Aim of the task: Look below for the line with "Des milliers de" and the line with "- [ FLOORING"; repeat exactly those two lines and all lines between them, but no pictures.

Source data:
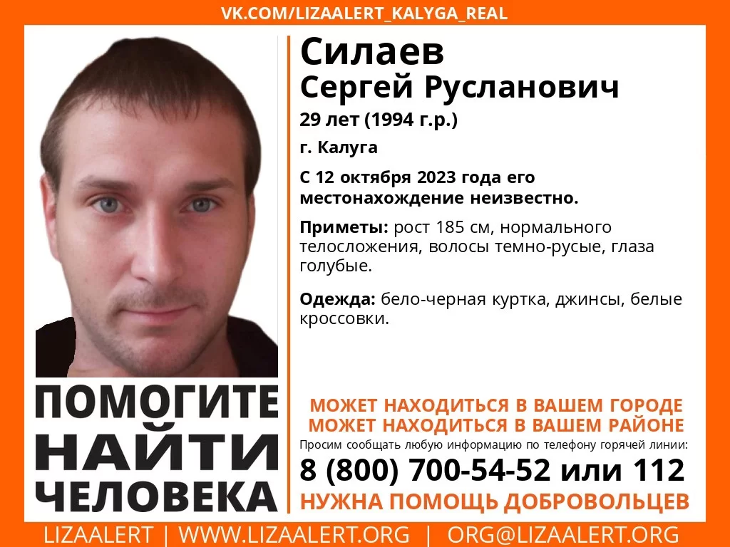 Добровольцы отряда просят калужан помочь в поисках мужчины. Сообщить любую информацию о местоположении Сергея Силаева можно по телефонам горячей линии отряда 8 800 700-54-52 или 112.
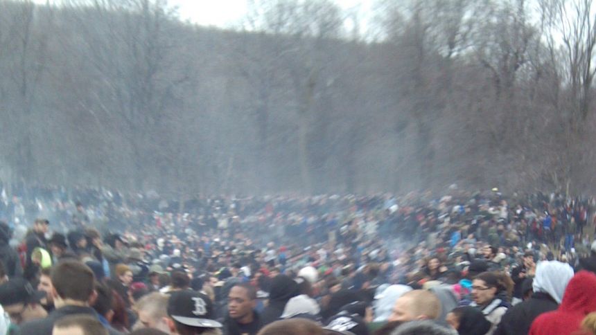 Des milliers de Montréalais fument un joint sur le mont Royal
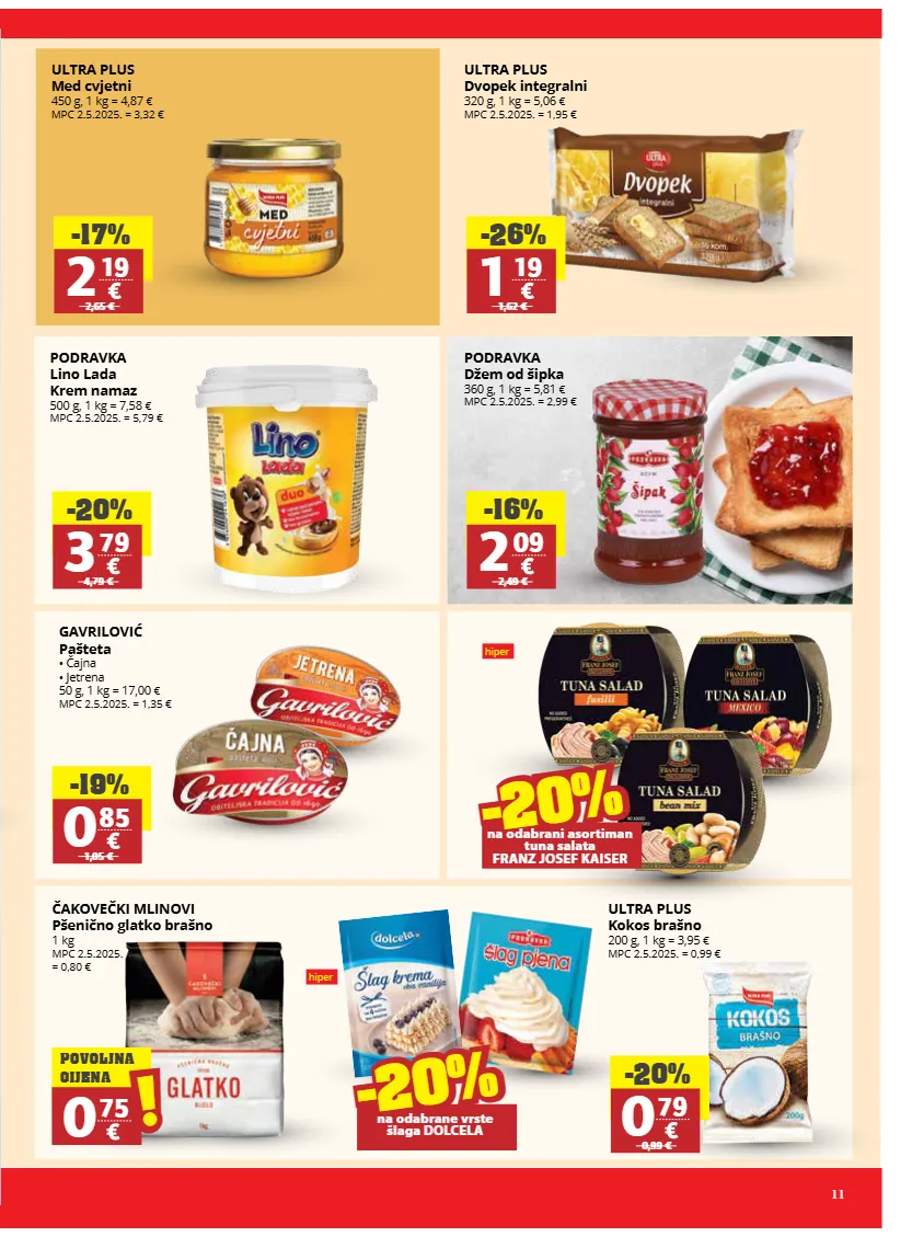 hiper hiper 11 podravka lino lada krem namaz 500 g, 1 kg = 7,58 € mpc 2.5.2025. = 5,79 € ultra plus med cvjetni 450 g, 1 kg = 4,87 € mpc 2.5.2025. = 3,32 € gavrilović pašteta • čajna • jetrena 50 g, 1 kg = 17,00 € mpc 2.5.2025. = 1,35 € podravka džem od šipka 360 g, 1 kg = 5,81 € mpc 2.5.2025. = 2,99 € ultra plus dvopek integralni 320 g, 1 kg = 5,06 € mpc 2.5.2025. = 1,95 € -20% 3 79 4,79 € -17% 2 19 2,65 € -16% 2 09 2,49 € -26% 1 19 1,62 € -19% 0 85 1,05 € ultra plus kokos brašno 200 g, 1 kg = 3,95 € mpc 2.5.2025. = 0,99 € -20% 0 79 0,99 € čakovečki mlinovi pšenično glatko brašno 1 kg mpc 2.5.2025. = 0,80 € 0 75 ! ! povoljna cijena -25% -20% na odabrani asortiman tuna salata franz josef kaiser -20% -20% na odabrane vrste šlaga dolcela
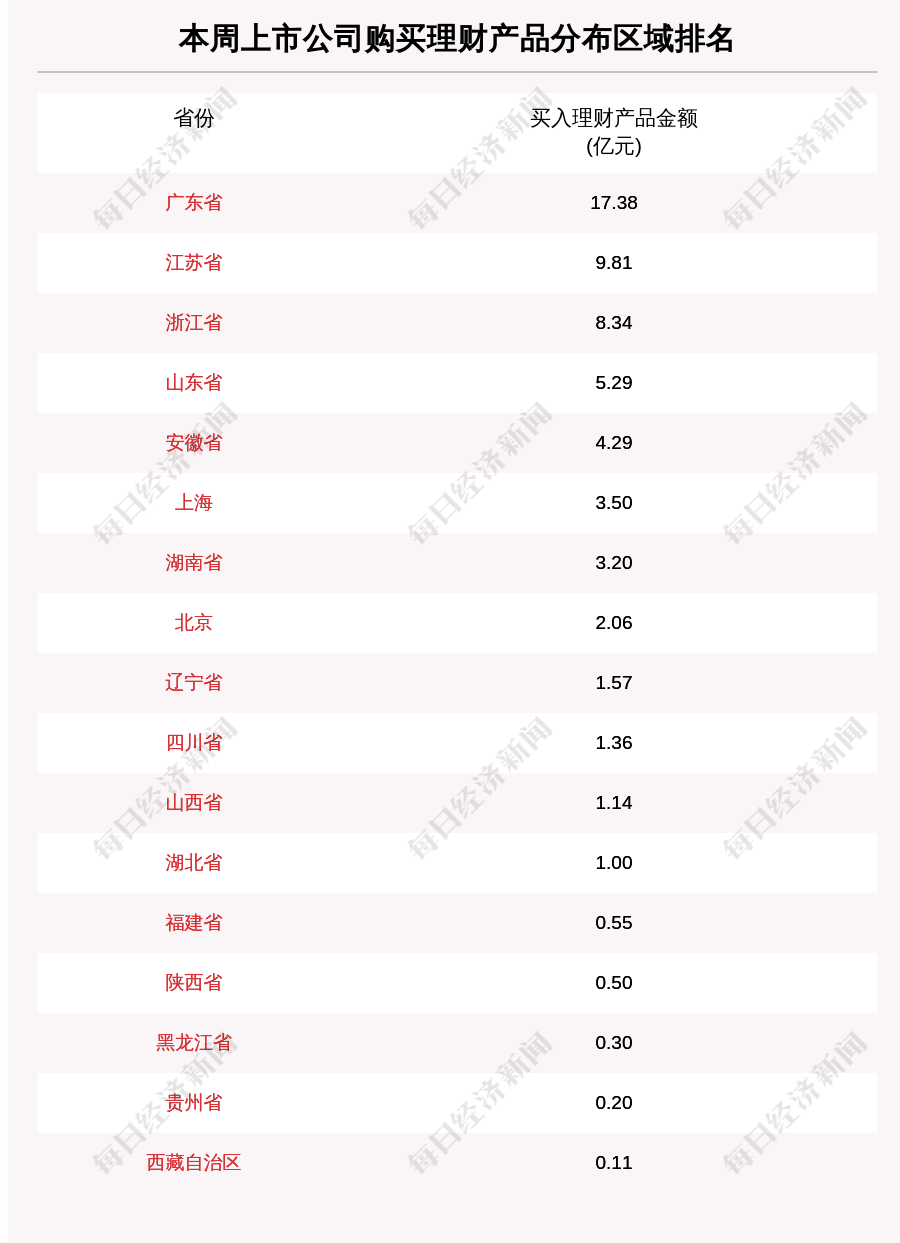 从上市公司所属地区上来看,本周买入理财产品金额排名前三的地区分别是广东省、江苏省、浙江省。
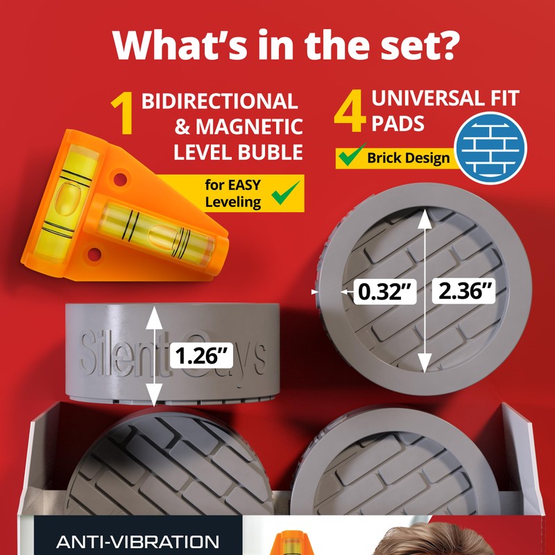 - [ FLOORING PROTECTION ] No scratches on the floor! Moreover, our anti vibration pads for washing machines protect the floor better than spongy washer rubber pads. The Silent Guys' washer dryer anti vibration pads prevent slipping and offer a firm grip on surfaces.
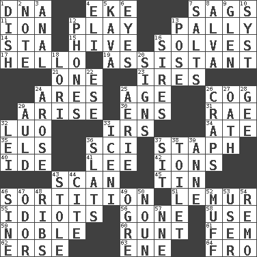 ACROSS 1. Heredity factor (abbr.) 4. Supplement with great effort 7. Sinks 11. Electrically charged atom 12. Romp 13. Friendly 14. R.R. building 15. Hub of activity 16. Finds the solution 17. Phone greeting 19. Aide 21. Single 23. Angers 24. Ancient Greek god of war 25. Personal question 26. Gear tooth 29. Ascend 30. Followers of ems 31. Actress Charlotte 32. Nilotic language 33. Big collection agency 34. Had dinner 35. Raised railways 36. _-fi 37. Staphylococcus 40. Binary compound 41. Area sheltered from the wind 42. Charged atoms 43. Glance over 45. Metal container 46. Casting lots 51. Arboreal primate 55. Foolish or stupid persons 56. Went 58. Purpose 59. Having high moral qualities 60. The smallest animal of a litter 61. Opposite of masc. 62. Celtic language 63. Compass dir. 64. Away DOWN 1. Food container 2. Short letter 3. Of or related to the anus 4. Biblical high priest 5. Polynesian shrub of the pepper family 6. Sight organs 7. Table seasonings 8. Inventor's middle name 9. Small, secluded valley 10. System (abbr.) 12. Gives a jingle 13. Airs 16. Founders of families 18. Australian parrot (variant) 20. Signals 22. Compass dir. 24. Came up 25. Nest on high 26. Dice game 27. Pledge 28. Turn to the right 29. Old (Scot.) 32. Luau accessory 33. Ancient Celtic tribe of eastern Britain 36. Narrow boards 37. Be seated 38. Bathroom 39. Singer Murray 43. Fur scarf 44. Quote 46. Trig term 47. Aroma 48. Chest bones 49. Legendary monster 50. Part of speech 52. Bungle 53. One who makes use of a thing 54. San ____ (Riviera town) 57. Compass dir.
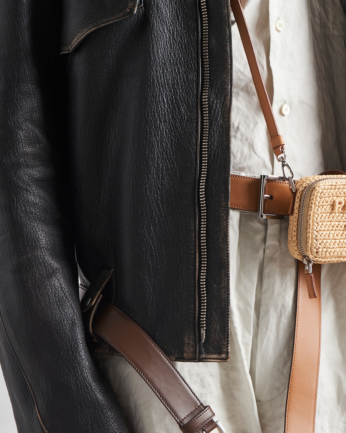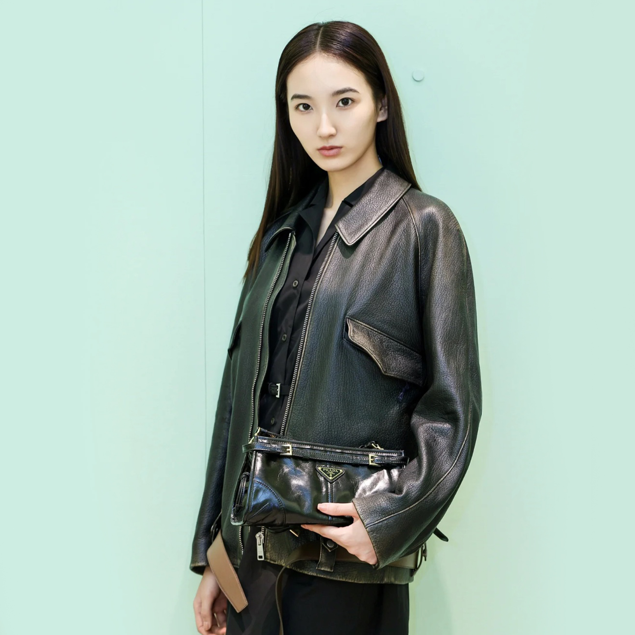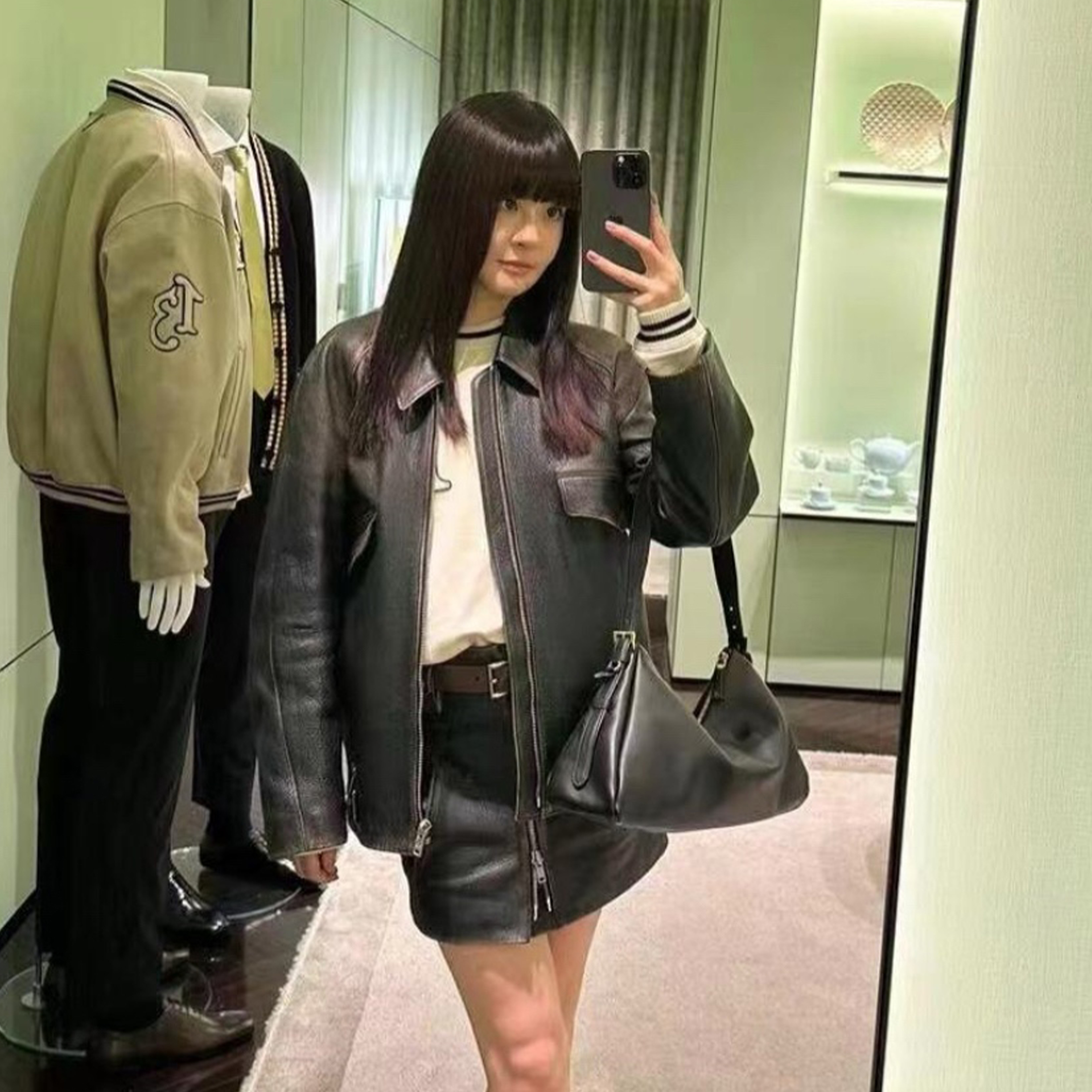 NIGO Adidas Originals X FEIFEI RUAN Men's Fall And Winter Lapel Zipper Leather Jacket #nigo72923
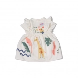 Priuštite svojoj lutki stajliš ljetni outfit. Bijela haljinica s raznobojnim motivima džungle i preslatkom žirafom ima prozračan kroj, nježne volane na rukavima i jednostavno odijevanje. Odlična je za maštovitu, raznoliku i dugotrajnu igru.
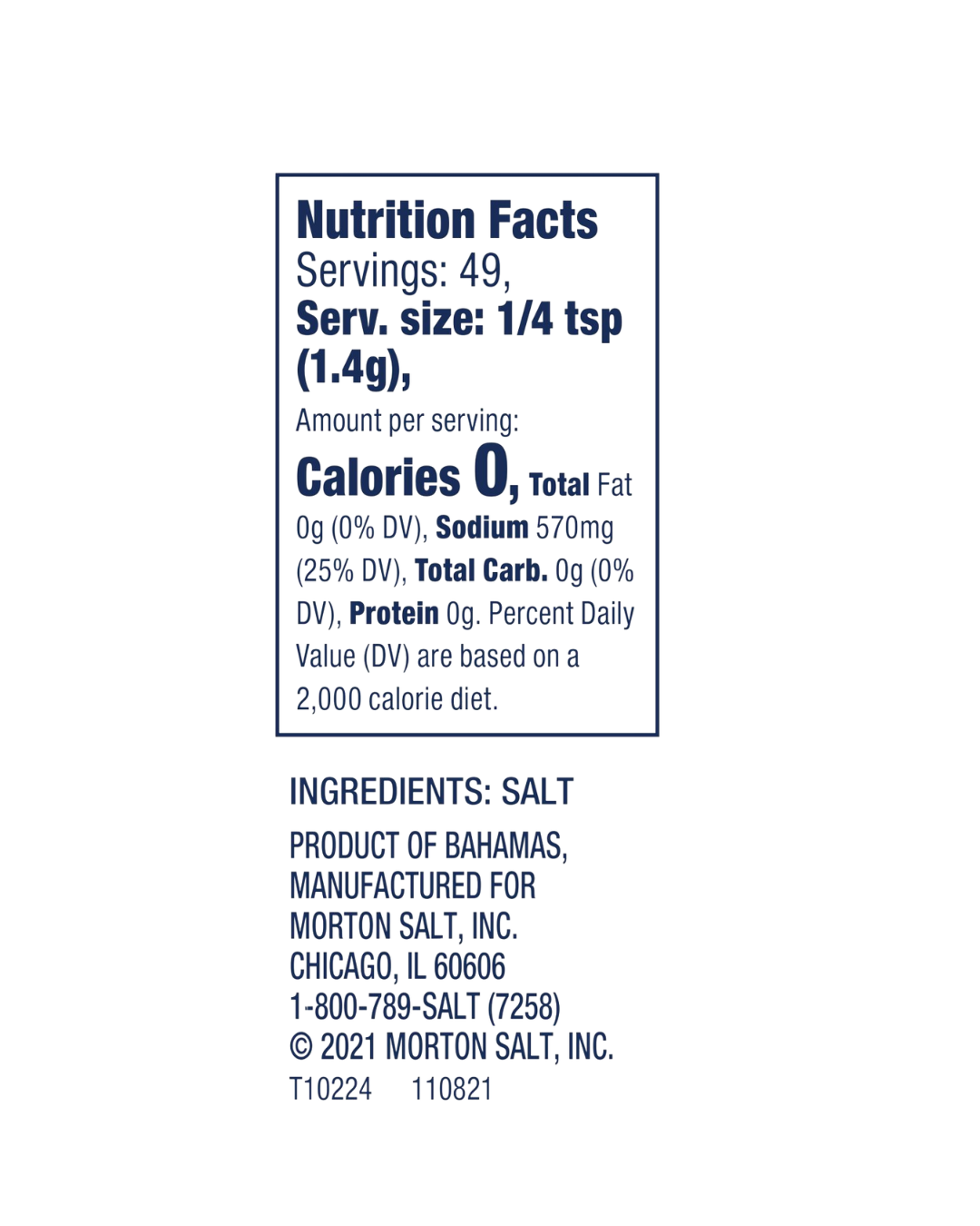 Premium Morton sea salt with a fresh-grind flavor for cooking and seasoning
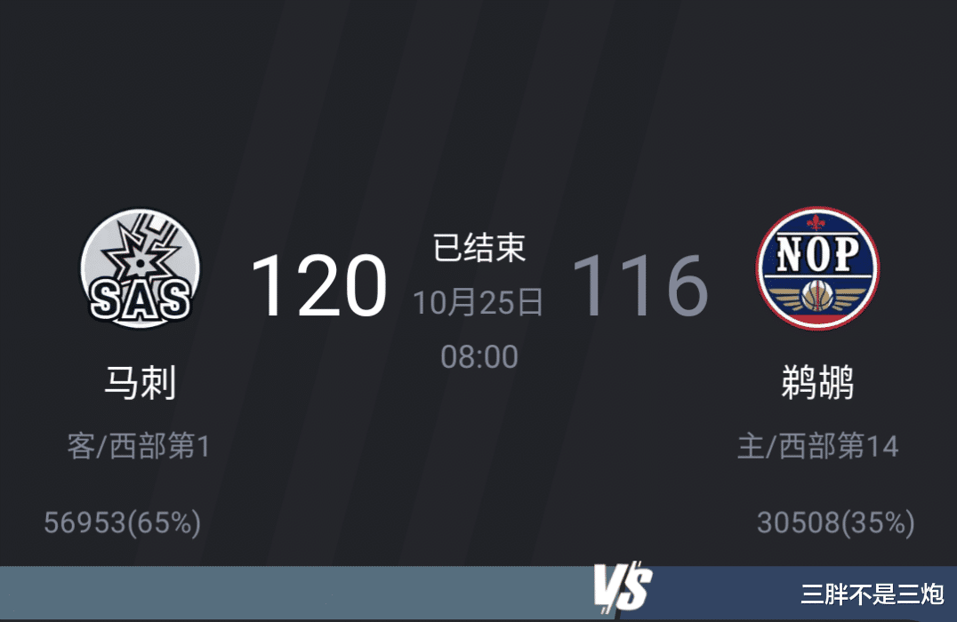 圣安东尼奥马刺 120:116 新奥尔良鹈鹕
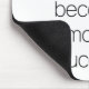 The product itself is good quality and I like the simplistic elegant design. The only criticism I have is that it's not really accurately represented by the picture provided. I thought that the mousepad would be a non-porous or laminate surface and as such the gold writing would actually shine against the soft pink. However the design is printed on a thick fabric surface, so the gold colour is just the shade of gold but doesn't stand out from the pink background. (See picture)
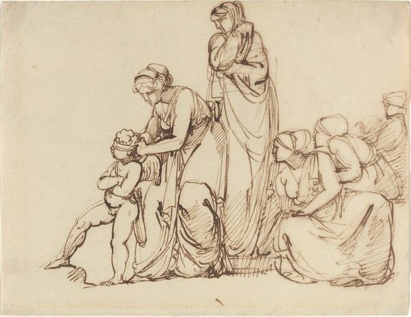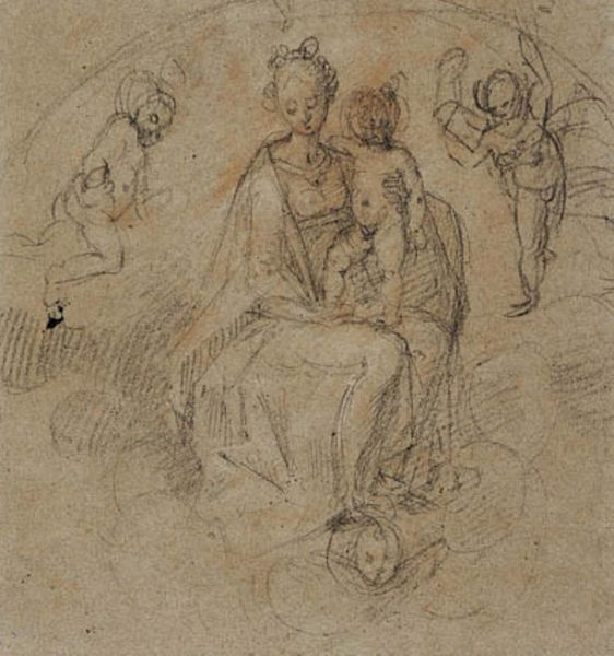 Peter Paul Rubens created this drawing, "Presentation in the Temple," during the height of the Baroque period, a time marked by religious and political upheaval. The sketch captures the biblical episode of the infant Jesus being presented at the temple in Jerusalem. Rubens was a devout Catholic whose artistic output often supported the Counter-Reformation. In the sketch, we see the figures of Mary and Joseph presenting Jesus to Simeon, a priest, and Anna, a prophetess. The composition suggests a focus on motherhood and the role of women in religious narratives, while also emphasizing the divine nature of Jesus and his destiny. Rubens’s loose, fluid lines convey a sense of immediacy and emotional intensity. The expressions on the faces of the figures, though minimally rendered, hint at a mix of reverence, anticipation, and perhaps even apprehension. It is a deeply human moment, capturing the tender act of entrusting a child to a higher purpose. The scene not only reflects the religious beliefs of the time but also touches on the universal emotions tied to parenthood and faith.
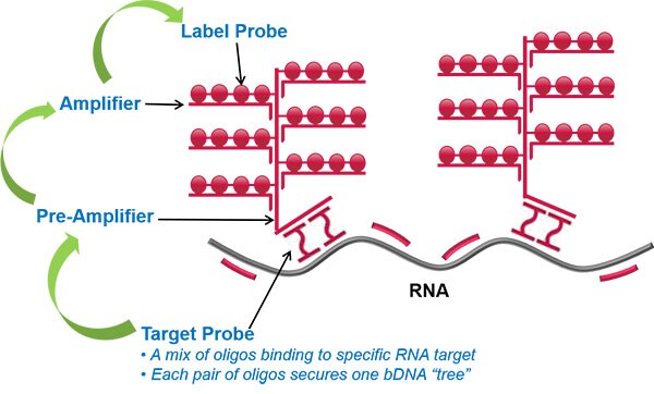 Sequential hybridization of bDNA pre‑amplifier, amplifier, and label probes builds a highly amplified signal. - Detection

Solved exercise:
 Des milliers de Montréalais fument un joint sur le mont Royal
 hiper hiper 11 podravka lino lada krem namaz 500 g, 1 kg = 7,58 € mpc 2.5.2025. = 5,79 € ultra plus med cvjetni 450 g, 1 kg = 4,87 € mpc 2.5.2025. = 3,32 € gavrilović pašteta • čajna • jetrena 50 g, 1 kg = 17,00 € mpc 2.5.2025. = 1,35 € podravka džem od šipka 360 g, 1 kg = 5,81 € mpc 2.5.2025. = 2,99 € ultra plus dvopek integralni 320 g, 1 kg = 5,06 € mpc 2.5.2025. = 1,95 € -20% 3 79 4,79 € -17% 2 19 2,65 € -16% 2 09 2,49 € -26% 1 19 1,62 € -19% 0 85 1,05 € ultra plus kokos brašno 200 g, 1 kg = 3,95 € mpc 2.5.2025. = 0,99 € -20% 0 79 0,99 € čakovečki mlinovi pšenično glatko brašno 1 kg mpc 2.5.2025. = 0,80 € 0 75 ! ! povoljna cijena -25% -20% na odabrani asortiman tuna salata franz josef kaiser -20% -20% na odabrane vrste šlaga dolcela
 从上市公司所属地区上来看,本周买入理财产品金额排名前三的地区分别是广东省、江苏省、浙江省。
 - [ FLOORING PROTECTION ] No scratches on the floor! Moreover, our anti vibration pads for washing machines protect the floor better than spongy washer rubber pads. The Silent Guys' washer dryer anti vibration pads prevent slipping and offer a firm grip on surfaces.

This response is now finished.